Stored entries:
☆ ☆ ☆ ☆ ☆ ☆ ☆
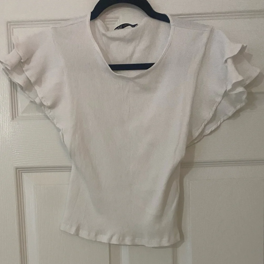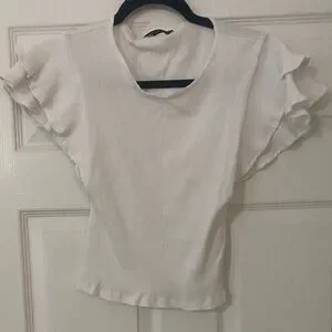 SLIM FIT - ROUND NECK - REGULAR LENGTH - SLEEVELESS Sleeveless round neck T-shirt with ruffle trim
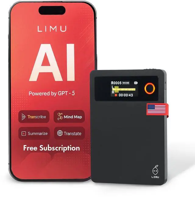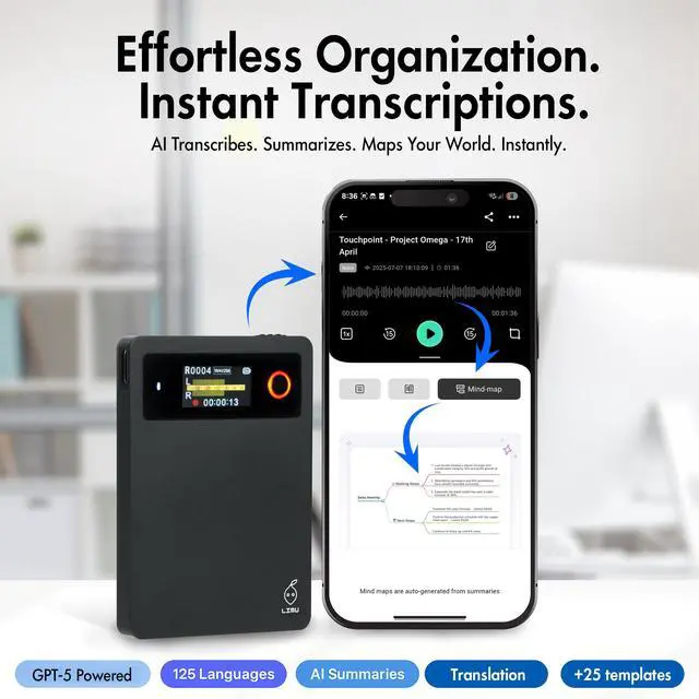 Transcription & Summaries: This AI voice recorder uses GPT 5 and turns talks into clean transcripts, summaries, actionable mind maps and translations across 125 languages. Ideal for an AI note taker, transcription device and translation devic ^^ Premium
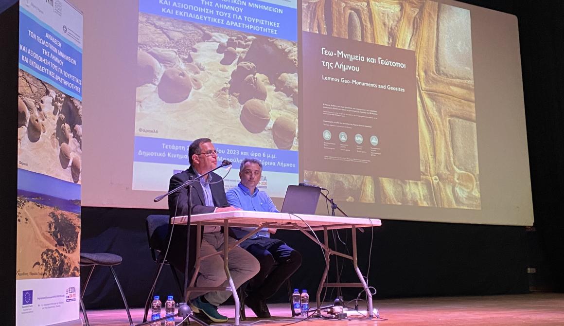 Με μεγάλη επιτυχία και με μεγάλη συμμετοχή της τοπικής κοινωνίας της Λήμνου πραγματοποιήθηκε η εκδήλωση με θέμα ‘’Ανάδειξη των γεωλογικών μνημείων της Λήμνου και αξιοποίησή τους για τουριστικές και εκπαιδευτικές δραστηριότητες’’ που πραγματοποιήθηκε στη Μύρινα την Τετάρτη 22 Νοεμβρίου 2023 για την παρουσίαση των αποτελεσμάτων της Πράξης «Δημιουργία – λειτουργία ψηφιακών εφαρμογών προβολής των γεω-μνημείων Λήμνου».
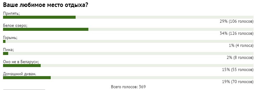 А вот любителей отдыха на Пине и Горыни нашлось совсем не много –2 и 1 процент соответственно.
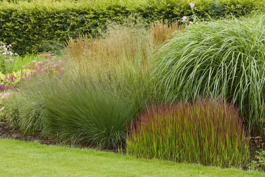Dit borderpakket bestaat uit een selectie van de mooiste siergrassen. Het hogere sierriet vormt een mooie achtergrond en naarmate deze plant oude wordt, buigen de jonge halmen sierlijk door. Het Japans bloedgras geeft een mooi kleuraccent aan de border. De siergrassen border komt het beste tot z’n recht op een zonnige plek, maar ook halfschaduw wordt goed verdragen. Deze border is 2 bij 1 meter.
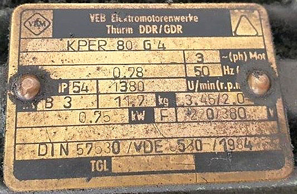 | Beschreibung Angeboten wird eine Säulenbohrmaschine Bj. 1984, Antrieb: VEM KPER 80 K 4, Drehzahlbereiche: 3-stufiger Riementrieb, Spindeldrehzahl: ca. 1380U/min, Pinolenhub: ca. 120mm, MK 2. Besichtigung ist nach Absprache möglich. |
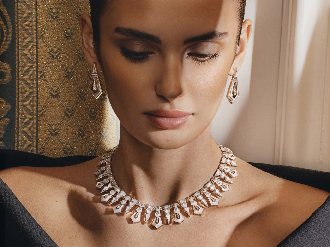 كانت عشرينيات القرن الماضي حِقبة ازدهرت فيها روح الإبداع الجريء والأناقة الصريحة، وقد عبّرت حركة الفنّ التزييني عن ذلك ببراعة، من خلال الأشكال الهندسية والجمال المعماري. استهوتنا تلك المرحلة بما فيها من تناغُم صارخ، وخامات فاخرة، وفخامة متمرّدة. ومن خلال بيجوكيو BijouQ، أردنا أن نعيد إحياء هذا الطابع الخالد بطريقة تلائم المرأة العصرية والواثقة من نفسها، والقادرة على التعبير عن شخصيتها من دون خوف. جاءت هذه القلادة بمثابة رسالة تقدير لعصر ذهبي في تاريخ التصميم، أعدنا تقديمه بنهج معاصر وصياغة دقيقة تليق بالمرأة اليوم.
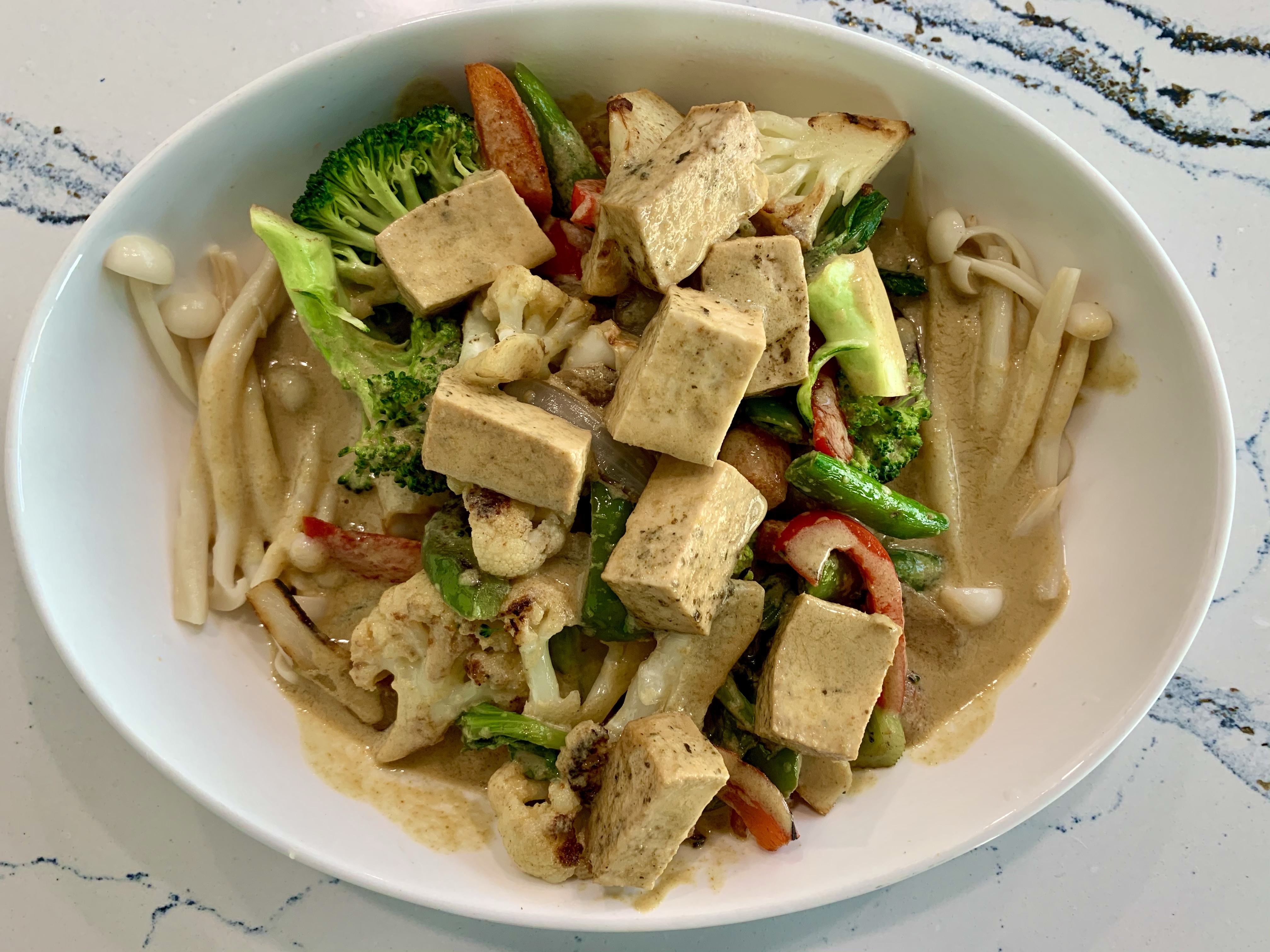 Next just plate all of the ingredients and pour a heaping serving of the Thai curry sauce on top. I ate the whole thing and literally licked the plate! 🙂
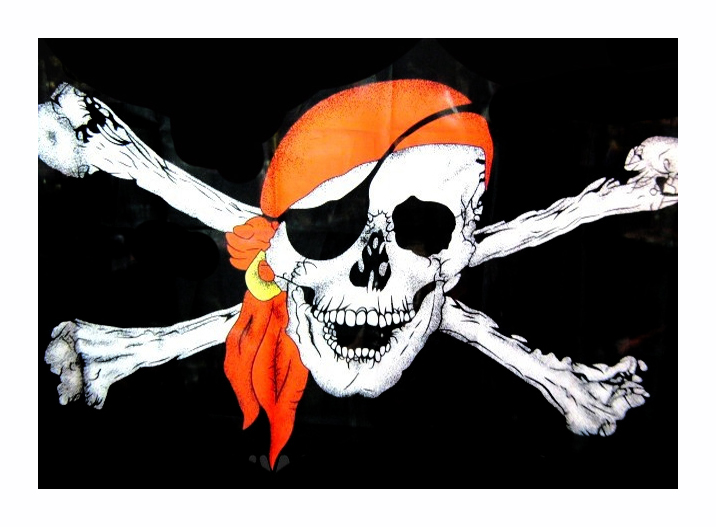- Флаг пиратский большой (череп с саблями), черный, 140 х 90см
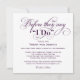 Convite elegante e sofisticado para a festa de boas-vindas do casamento para dar início ao fim de semana do casamento, apresenta um título em caligrafia: Antes de dizerem "Sim". Design quadrado. Esquema de cores roxo berinjela e branco.
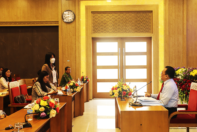 Ông Lê Hữu Hoàng nghe đại biểu phát biểu ý kiến tại hội nghị. |
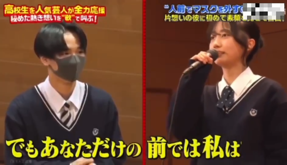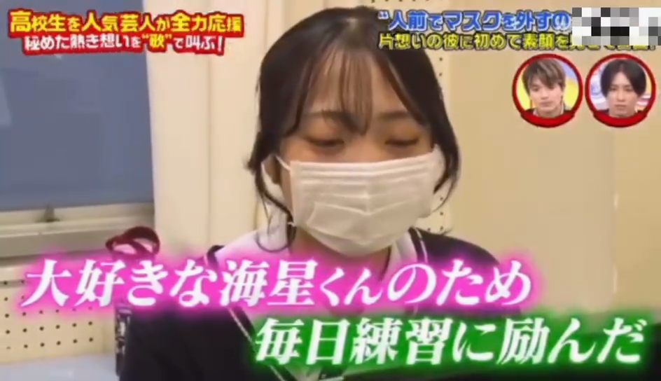 因为对自己的长相没有自信,我从来没在喜欢的人面前摘下过口罩。但我今天想要加油摘下口罩,为他唱首歌。
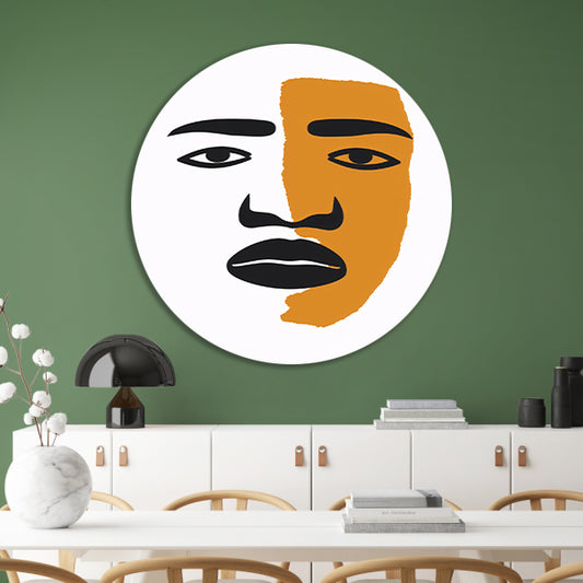 Abstract portret met contrasterende vlakken aluminium muurcirkel
☆ ☆ ☆ ☆ ☆ ☆ ☆
* [WHAT YOU HAVE TO DO]:
Give the data above again, exactly, with every picture removed.

* [SOLUTION FOR THIS PROBLEM]:
 SLIM FIT - ROUND NECK - REGULAR LENGTH - SLEEVELESS Sleeveless round neck T-shirt with ruffle trim
 Transcription & Summaries: This AI voice recorder uses GPT 5 and turns talks into clean transcripts, summaries, actionable mind maps and translations across 125 languages. Ideal for an AI note taker, transcription device and translation devic ^^ Premium
 Με μεγάλη επιτυχία και με μεγάλη συμμετοχή της τοπικής κοινωνίας της Λήμνου πραγματοποιήθηκε η εκδήλωση με θέμα ‘’Ανάδειξη των γεωλογικών μνημείων της Λήμνου και αξιοποίησή τους για τουριστικές και εκπαιδευτικές δραστηριότητες’’ που πραγματοποιήθηκε στη Μύρινα την Τετάρτη 22 Νοεμβρίου 2023 για την παρουσίαση των αποτελεσμάτων της Πράξης «Δημιουργία – λειτουργία ψηφιακών εφαρμογών προβολής των γεω-μνημείων Λήμνου».
 А вот любителей отдыха на Пине и Горыни нашлось совсем не много –2 и 1 процент соответственно.
Dit borderpakket bestaat uit een selectie van de mooiste siergrassen. Het hogere sierriet vormt een mooie achtergrond en naarmate deze plant oude wordt, buigen de jonge halmen sierlijk door. Het Japans bloedgras geeft een mooi kleuraccent aan de border. De siergrassen border komt het beste tot z’n recht op een zonnige plek, maar ook halfschaduw wordt goed verdragen. Deze border is 2 bij 1 meter.
 | Beschreibung Angeboten wird eine Säulenbohrmaschine Bj. 1984, Antrieb: VEM KPER 80 K 4, Drehzahlbereiche: 3-stufiger Riementrieb, Spindeldrehzahl: ca. 1380U/min, Pinolenhub: ca. 120mm, MK 2. Besichtigung ist nach Absprache möglich. |
 كانت عشرينيات القرن الماضي حِقبة ازدهرت فيها روح الإبداع الجريء والأناقة الصريحة، وقد عبّرت حركة الفنّ التزييني عن ذلك ببراعة، من خلال الأشكال الهندسية والجمال المعماري. استهوتنا تلك المرحلة بما فيها من تناغُم صارخ، وخامات فاخرة، وفخامة متمرّدة. ومن خلال بيجوكيو BijouQ، أردنا أن نعيد إحياء هذا الطابع الخالد بطريقة تلائم المرأة العصرية والواثقة من نفسها، والقادرة على التعبير عن شخصيتها من دون خوف. جاءت هذه القلادة بمثابة رسالة تقدير لعصر ذهبي في تاريخ التصميم، أعدنا تقديمه بنهج معاصر وصياغة دقيقة تليق بالمرأة اليوم.
 Next just plate all of the ingredients and pour a heaping serving of the Thai curry sauce on top. I ate the whole thing and literally licked the plate! 🙂
- Флаг пиратский большой (череп с саблями), черный, 140 х 90см
 Convite elegante e sofisticado para a festa de boas-vindas do casamento para dar início ao fim de semana do casamento, apresenta um título em caligrafia: Antes de dizerem "Sim". Design quadrado. Esquema de cores roxo berinjela e branco.
 Ông Lê Hữu Hoàng nghe đại biểu phát biểu ý kiến tại hội nghị. |
 因为对自己的长相没有自信,我从来没在喜欢的人面前摘下过口罩。但我今天想要加油摘下口罩,为他唱首歌。
 Abstract portret met contrasterende vlakken aluminium muurcirkel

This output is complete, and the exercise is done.